Fix this by resetting using a time of 0.

Cc: qemu-ppc@nongnu.org
Signed-off-by: Nicholas Piggin <npiggin@gmail.com>
---
 hw/ppc/ppc.c         | 11 ++++++++---
 target/ppc/machine.c |  4 ++++
 2 files changed, 12 insertions(+), 3 deletions(-)

diff --git a/hw/ppc/ppc.c b/hw/ppc/ppc.c
index fadb8f5239..f22321779e 100644
--- a/hw/ppc/ppc.c
+++ b/hw/ppc/ppc.c
@@ -1112,16 +1112,21 @@ void cpu_ppc_tb_reset(CPUPPCState *env)
         timer_del(tb_env->hdecr_timer);
         ppc_set_irq(cpu, PPC_INTERRUPT_HDECR, 0);
         tb_env->hdecr_next = 0;
+        _cpu_ppc_store_hdecr(cpu, 0, 0, 0, 64);
     }
 
     /*
      * There is a bug in Linux 2.4 kernels:
      * if a decrementer exception is pending when it enables msr_ee at startup,
      * it's not ready to handle it...
+     *
+     * On machine reset, in this is called before icount is reset, so
+     * for icount-mode, setting TB registers using now=qemu_clock_get_ns
+     * results in them being skewed when icount does get reset. Use an
+     * explicit 0 to get a consistent reset state.
      */
-    cpu_ppc_store_decr(env, -1);
-    cpu_ppc_store_hdecr(env, -1);
-    cpu_ppc_store_purr(env, 0x0000000000000000ULL);
+    _cpu_ppc_store_decr(cpu, 0, 0, -1, 64);
+    _cpu_ppc_store_purr(env, 0, 0);
 }
 
 void cpu_ppc_tb_free(CPUPPCState *env)
diff --git a/target/ppc/machine.c b/target/ppc/machine.c
index 203fe28e01..4c4294eafe 100644
--- a/target/ppc/machine.c
+++ b/target/ppc/machine.c
@@ -215,6 +215,8 @@ static int cpu_pre_save(void *opaque)
          * it here.
          */
         env->spr[SPR_DECR] = cpu_ppc_load_decr(env);
+        printf("cpu_ppc_pre_save  TB:0x%016lx\n", cpu_ppc_load_tbl(env));
+        printf("cpu_ppc_pre_save DEC:0x%016lx\n", cpu_ppc_load_decr(env));
     }
 
     return 0;
@@ -333,6 +335,8 @@ static int cpu_post_load(void *opaque, int version_id)
          * triggered types (including HDEC) would need to carry more state.
          */
         cpu_ppc_store_decr(env, env->spr[SPR_DECR]);
+        printf("cpu_ppc_post_ld   TB:0x%016lx\n", cpu_ppc_load_tbl(env));
+        printf("cpu_ppc_post_ld  DEC:0x%016lx\n", cpu_ppc_load_decr(env));
         pmu_mmcr01_updated(env);
     }
 
-- 
2.42.0
Re: [PATCH v4 22/24] target/ppc: fix timebase register reset state
Posted by Alex Bennée 1 year, 9 months ago
Nicholas Piggin <npiggin@gmail.com> writes:

> (H)DEC and PURR get reset before icount does, which causes them to be
> skewed and not match the init state.
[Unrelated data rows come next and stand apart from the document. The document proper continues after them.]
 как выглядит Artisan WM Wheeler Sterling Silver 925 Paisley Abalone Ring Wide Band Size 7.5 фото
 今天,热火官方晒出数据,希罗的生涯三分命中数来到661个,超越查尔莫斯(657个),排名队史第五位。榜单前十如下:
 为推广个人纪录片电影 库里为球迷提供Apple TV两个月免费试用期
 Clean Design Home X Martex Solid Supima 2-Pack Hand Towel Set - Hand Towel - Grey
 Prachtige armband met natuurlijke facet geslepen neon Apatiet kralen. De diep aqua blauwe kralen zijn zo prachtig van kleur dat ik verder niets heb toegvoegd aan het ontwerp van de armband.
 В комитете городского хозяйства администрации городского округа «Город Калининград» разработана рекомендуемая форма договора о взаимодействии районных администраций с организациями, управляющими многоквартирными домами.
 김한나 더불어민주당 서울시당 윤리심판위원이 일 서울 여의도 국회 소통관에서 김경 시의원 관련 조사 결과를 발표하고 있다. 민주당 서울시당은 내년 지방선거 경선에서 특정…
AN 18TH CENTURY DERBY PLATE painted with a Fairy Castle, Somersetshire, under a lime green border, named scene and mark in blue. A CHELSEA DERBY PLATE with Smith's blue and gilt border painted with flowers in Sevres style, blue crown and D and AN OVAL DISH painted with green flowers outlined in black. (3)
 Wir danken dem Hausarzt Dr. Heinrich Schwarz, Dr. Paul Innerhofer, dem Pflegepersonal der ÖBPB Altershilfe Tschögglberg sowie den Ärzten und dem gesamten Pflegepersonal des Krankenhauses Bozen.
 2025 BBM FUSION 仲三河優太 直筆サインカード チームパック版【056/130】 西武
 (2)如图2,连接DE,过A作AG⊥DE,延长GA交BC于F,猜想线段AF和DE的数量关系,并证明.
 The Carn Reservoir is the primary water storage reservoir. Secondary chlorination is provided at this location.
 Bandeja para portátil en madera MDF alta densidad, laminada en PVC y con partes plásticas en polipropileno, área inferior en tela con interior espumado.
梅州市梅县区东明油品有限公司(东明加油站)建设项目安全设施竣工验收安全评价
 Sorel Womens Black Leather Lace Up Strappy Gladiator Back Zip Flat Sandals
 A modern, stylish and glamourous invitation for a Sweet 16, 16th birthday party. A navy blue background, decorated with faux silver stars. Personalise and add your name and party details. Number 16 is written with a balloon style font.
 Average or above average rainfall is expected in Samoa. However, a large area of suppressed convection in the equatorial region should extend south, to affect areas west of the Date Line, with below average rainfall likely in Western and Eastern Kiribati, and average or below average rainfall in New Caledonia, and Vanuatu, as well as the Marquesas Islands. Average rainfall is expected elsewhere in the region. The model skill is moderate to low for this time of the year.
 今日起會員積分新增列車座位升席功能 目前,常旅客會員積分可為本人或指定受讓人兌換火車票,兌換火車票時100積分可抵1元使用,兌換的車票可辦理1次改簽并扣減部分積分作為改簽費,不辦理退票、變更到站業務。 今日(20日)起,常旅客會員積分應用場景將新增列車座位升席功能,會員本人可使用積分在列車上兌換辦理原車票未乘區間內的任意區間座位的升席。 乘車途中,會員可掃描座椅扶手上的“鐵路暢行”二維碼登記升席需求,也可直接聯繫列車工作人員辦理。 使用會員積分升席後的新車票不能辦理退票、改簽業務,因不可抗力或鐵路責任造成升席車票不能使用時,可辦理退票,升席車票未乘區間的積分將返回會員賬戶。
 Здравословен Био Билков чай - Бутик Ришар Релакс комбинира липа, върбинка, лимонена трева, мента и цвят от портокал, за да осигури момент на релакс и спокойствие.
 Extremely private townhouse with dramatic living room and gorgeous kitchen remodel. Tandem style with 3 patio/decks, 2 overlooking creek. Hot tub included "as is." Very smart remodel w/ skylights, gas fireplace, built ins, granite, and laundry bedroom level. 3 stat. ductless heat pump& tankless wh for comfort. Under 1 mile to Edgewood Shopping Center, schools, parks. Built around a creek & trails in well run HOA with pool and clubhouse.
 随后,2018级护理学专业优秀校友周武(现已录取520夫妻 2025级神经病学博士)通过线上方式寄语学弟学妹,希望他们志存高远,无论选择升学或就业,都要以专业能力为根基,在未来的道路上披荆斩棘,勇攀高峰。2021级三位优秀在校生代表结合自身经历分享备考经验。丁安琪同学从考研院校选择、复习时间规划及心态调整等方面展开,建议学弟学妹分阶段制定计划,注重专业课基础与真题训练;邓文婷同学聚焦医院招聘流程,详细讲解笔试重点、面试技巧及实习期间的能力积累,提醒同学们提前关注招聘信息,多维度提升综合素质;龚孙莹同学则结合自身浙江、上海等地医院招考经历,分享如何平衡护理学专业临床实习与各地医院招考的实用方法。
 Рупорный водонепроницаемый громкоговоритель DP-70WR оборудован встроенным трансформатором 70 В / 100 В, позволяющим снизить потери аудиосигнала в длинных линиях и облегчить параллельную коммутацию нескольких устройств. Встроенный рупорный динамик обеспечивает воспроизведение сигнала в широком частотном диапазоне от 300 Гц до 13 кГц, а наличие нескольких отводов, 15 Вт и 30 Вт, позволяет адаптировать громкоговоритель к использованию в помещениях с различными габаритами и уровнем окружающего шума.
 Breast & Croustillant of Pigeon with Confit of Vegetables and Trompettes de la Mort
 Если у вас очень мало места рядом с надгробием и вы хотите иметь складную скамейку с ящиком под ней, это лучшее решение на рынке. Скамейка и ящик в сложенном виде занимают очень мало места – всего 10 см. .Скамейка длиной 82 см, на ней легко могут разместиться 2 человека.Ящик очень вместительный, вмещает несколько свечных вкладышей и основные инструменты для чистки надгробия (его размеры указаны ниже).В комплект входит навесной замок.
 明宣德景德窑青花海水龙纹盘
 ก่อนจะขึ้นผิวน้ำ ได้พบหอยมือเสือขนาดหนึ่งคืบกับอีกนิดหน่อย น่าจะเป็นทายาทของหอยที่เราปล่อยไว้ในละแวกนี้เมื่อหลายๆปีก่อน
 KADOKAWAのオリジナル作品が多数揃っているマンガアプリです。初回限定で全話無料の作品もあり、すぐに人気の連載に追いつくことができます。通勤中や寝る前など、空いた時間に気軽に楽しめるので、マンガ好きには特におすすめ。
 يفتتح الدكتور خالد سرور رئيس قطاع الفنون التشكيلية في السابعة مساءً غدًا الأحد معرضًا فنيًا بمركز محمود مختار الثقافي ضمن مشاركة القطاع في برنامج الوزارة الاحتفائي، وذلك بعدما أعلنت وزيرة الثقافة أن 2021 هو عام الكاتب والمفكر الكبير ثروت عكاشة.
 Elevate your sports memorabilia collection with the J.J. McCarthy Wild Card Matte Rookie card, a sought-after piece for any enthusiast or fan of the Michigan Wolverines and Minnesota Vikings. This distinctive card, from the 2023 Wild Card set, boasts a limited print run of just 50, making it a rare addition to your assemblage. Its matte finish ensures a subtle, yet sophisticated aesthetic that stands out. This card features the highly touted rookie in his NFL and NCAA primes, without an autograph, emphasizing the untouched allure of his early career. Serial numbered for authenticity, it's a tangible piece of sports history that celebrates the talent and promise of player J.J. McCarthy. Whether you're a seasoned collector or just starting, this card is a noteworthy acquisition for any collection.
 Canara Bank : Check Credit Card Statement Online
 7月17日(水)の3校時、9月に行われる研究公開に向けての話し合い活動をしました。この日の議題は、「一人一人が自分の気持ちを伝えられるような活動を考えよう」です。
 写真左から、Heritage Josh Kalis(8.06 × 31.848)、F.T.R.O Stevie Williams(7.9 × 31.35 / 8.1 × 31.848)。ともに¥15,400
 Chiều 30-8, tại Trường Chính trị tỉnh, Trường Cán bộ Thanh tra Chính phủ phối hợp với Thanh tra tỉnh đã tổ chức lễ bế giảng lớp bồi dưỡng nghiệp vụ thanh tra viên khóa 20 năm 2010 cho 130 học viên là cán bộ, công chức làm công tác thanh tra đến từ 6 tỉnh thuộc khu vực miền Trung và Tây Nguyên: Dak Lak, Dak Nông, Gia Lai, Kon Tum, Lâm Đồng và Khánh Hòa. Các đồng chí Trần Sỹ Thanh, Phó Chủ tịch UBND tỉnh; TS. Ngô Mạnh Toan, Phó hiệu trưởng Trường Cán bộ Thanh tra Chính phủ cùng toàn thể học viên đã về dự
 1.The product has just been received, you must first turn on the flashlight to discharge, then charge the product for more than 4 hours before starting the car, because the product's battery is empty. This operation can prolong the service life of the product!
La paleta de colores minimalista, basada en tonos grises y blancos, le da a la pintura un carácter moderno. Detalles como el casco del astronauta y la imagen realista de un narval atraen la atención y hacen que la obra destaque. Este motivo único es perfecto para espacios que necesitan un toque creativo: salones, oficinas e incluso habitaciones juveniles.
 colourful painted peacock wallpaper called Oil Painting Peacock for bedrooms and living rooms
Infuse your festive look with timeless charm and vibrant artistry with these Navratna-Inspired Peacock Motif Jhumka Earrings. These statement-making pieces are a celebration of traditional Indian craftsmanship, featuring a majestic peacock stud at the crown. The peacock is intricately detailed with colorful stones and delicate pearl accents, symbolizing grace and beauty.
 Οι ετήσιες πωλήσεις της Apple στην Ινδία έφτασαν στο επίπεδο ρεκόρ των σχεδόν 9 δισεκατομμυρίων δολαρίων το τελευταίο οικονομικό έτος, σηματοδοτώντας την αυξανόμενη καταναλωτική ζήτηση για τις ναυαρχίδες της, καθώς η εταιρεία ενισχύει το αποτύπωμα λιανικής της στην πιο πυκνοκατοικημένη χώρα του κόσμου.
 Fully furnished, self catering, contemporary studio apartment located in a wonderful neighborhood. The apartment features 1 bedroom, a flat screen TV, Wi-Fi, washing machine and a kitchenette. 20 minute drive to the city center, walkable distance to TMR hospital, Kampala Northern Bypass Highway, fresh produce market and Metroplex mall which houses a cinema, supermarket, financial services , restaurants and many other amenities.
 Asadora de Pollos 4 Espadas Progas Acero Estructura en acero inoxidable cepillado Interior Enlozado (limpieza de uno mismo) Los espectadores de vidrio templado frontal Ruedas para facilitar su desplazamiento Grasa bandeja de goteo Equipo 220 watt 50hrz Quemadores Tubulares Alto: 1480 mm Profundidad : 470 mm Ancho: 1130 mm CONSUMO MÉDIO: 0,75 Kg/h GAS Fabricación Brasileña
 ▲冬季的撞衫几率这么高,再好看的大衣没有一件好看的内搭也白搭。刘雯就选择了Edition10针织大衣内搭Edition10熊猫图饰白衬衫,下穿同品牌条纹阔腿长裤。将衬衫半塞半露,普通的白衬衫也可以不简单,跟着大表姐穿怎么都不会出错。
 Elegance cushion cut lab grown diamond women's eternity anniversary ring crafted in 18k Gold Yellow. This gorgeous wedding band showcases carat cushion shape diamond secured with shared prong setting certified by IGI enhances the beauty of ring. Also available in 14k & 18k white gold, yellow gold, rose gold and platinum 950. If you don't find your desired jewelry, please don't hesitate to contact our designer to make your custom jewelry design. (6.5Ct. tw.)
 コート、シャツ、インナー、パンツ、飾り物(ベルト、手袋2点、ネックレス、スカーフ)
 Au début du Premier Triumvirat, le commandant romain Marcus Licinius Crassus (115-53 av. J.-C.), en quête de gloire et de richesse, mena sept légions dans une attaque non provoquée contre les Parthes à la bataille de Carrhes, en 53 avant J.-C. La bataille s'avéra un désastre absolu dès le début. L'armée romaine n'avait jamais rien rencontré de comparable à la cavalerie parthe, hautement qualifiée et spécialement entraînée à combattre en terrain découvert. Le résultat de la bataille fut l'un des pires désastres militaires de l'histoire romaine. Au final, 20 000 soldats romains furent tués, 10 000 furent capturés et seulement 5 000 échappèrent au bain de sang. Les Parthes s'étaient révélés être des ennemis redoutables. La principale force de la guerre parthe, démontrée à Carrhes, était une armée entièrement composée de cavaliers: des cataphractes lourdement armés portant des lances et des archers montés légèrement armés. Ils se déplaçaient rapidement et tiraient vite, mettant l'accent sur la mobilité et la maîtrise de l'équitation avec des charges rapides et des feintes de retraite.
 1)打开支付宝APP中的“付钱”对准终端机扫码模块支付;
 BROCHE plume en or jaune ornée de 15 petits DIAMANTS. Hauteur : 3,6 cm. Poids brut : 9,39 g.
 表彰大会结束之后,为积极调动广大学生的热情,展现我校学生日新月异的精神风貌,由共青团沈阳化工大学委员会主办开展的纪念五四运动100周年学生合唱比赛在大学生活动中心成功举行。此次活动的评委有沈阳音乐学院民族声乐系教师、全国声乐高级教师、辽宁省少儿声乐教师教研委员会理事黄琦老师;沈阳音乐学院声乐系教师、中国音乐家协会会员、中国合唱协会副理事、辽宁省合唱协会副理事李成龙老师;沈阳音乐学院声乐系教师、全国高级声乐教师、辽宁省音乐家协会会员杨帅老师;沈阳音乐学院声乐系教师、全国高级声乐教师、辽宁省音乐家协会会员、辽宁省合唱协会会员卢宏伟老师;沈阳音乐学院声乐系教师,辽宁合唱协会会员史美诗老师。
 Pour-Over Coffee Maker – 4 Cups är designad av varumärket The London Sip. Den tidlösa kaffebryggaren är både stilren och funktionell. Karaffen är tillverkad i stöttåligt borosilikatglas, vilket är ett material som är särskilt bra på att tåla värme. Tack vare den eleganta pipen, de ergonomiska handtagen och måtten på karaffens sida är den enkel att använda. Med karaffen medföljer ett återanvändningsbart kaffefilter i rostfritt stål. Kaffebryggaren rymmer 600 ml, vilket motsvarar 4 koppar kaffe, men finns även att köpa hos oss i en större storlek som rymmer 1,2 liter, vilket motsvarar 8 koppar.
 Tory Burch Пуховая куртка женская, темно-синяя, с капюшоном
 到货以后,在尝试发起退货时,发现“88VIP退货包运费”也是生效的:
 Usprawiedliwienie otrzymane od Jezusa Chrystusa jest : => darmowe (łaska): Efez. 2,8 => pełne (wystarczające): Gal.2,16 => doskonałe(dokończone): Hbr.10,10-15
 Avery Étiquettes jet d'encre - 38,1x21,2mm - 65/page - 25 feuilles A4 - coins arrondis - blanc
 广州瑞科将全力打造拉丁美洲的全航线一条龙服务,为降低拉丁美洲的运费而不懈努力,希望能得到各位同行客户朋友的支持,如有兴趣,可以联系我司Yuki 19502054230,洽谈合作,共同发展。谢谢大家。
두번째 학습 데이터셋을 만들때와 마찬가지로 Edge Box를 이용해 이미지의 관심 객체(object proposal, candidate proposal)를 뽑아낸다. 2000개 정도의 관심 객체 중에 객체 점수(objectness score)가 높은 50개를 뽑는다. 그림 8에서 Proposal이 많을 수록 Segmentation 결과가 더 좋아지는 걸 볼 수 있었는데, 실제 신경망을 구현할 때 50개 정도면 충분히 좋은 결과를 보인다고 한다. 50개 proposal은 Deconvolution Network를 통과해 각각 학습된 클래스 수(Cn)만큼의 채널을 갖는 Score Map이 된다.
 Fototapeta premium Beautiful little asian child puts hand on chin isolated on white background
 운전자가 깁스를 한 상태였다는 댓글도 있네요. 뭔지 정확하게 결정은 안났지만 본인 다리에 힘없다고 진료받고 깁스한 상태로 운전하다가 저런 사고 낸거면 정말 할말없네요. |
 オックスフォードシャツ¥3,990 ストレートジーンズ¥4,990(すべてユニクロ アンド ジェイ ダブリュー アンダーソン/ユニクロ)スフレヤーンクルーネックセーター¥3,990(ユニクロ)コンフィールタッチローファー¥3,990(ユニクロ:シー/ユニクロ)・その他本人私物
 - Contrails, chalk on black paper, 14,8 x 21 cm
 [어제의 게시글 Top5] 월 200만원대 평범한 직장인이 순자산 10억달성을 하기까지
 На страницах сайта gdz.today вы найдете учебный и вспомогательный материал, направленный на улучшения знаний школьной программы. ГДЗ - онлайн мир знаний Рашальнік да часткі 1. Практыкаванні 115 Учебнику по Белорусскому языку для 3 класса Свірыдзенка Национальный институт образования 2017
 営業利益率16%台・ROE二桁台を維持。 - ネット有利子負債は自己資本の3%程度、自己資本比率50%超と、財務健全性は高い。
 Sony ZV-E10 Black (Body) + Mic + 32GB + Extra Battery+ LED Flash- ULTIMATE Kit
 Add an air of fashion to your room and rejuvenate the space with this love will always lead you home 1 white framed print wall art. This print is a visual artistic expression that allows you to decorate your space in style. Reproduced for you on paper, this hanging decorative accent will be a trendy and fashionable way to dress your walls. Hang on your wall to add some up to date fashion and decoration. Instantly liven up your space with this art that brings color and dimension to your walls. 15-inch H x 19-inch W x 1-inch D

This can cause replay to not
> match the recorded trace exactly. For DEC and HDEC this is usually not
> noticable since they tend to get programmed before affecting the
> target machine. PURR has been observed to cause replay bugs when
> running Linux.
>
> Fix this by resetting using a time of 0.
>
> Cc: qemu-ppc@nongnu.org
> Signed-off-by: Nicholas Piggin <npiggin@gmail.com>
> ---
>  hw/ppc/ppc.c         | 11 ++++++++---
>  target/ppc/machine.c |  4 ++++
>  2 files changed, 12 insertions(+), 3 deletions(-)
>
> diff --git a/hw/ppc/ppc.c b/hw/ppc/ppc.c
> index fadb8f5239..f22321779e 100644
> --- a/hw/ppc/ppc.c
> +++ b/hw/ppc/ppc.c
> @@ -1112,16 +1112,21 @@ void cpu_ppc_tb_reset(CPUPPCState *env)
>          timer_del(tb_env->hdecr_timer);
>          ppc_set_irq(cpu, PPC_INTERRUPT_HDECR, 0);
>          tb_env->hdecr_next = 0;
> +        _cpu_ppc_store_hdecr(cpu, 0, 0, 0, 64);
>      }
>  
>      /*
>       * There is a bug in Linux 2.4 kernels:
>       * if a decrementer exception is pending when it enables msr_ee at startup,
>       * it's not ready to handle it...
> +     *
> +     * On machine reset, in this is called before icount is reset, so
> +     * for icount-mode, setting TB registers using now=qemu_clock_get_ns
> +     * results in them being skewed when icount does get reset. Use an
> +     * explicit 0 to get a consistent reset state.
>       */
> -    cpu_ppc_store_decr(env, -1);
> -    cpu_ppc_store_hdecr(env, -1);
> -    cpu_ppc_store_purr(env, 0x0000000000000000ULL);
> +    _cpu_ppc_store_decr(cpu, 0, 0, -1, 64);
> +    _cpu_ppc_store_purr(env, 0, 0);
>  }
>  
>  void cpu_ppc_tb_free(CPUPPCState *env)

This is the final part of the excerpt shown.